### Made by KukJinKim


## Minecraft RL 환경 설치
1. 마인크래프트 게임은 Java Platform에서 동작합니다. 때문에 먼저 JDK 1.8 버전을 설치해야 합니다. 

(Windows)  
https://www.oracle.com/kr/java/technologies/javase/javase8-archive-downloads.html

(Mac)  
brew tap AdoptOpenJDK/openjdk  
brew install --cask adoptopenjdk8  

(Ubuntu)  
sudo add-apt-repository ppa:openjdk-r/ppa  
sudo apt-get update  
sudo apt-get install openjdk-8-jdk  

2. pytorch가 설치된 가상환경에서 아래 매직커맨드를 실행하고 gym과 minerl을 설치해주세요. 

In [2]:
!pip install gym==0.19.0
!pip install minerl==0.3.7




## 강화학습 구현 팁 
잘 모르는 강화학습 환경에서 어떤 모델을 구현하고 학습시킬 때는 보통 다음의 절차를 따릅니다.  
1. MDP 및 환경 정보 확인
2. Random Policy 구현 및 동작 확인
3. 모델 구현
4. 모델 동작 확인
5. 버퍼 구현 (Replay Buffer, Temporal Buffer 등)
6. 모델 업데이트 코드 구현
7. 하이퍼파라미터 조정
8. 반복 실험  

### 1. MDP 및 환경 정보 확인 
먼저 MineRL의 환경 정보를 확인해보겠습니다.  
환경의 정보라하면 크게 observation space, action space, dynamics, rewards, terminal state를 말합니다.  
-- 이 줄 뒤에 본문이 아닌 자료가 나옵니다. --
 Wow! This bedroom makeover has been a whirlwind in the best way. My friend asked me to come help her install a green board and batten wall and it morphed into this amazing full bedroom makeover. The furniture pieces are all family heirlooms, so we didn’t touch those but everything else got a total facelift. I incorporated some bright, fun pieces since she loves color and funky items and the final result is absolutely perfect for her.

튜토리얼에서는 MineRLNavigateDense-v0 환경을 이용할 것입니다. 자세한 정보는 아래의 링크에서 확인할 수 있습니다.  
https://minerl.readthedocs.io/en/latest/environments/index.html  


아래의 코드를 실행시키면 마인크래프트 게임이 실행됩니다. 

In [1]:
import gym
import minerl

env = gym.make("MineRLNavigateDense-v0")
env.make_interactive(port=5656, realtime=False) # 상호작용을 위한 코드입니다. 
print(f"obs space: {env.observation_space}")
print(f"action space: {env.action_space}")




obs space: Dict(compassAngle:Box(low=-180.0, high=180.0, shape=()), inventory:Dict(dirt:Box(low=0, high=2304, shape=())), pov:Box(low=0, high=255, shape=(64, 64, 3)))
action space: Dict(attack:Discrete(2), back:Discrete(2), camera:Box(low=-180.0, high=180.0, shape=(2,)), forward:Discrete(2), jump:Discrete(2), left:Discrete(2), place:Enum(dirt,none), right:Discrete(2), sneak:Discrete(2), sprint:Discrete(2))
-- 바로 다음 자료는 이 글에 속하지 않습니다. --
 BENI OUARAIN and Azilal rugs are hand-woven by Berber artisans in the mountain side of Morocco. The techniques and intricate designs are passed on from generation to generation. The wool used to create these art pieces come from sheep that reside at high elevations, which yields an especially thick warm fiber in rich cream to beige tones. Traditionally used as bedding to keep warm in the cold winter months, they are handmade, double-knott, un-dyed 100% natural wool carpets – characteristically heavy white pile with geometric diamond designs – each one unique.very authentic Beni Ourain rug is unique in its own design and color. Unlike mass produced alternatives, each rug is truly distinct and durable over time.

코드가 정상적으로 실행이 되었다면 아래와 같이 출력됩니다. 
### Env Info  
obs space:  
Dict(compassAngle:Box(low=-180.0, high=180.0, shape=()), inventory:Dict(dirt:Box(low=0, high=2304, shape=())), pov:Box(low=0, high=255, shape=(64, 64, 3)))  
  

action space:  
Dict(attack:Discrete(2), back:Discrete(2), camera:Box(low=-180.0, high=180.0, shape=(2,)), forward:Discrete(2), jump:Discrete(2), left:Discrete(2), place:Enum(dirt,none), right:Discrete(2), sneak:Discrete(2), sprint:Discrete(2))

### Environment Goal  

![](2022-06-28-15-31-33.png)
![](2022-06-28-15-32-02.png)  
본 환경의 목표는 에이전트가 다이아몬드 블록의 위치를 찾아가는 것입니다. 다이아몬드에 가까워질 수록 (+) 보상을 받고, 멀어질수록 (-) 보상을 받습니다. 에이전트가 다이아몬드 블록을 밝거나 600초를 넘기게 되면 에피소드가 종료됩니다.  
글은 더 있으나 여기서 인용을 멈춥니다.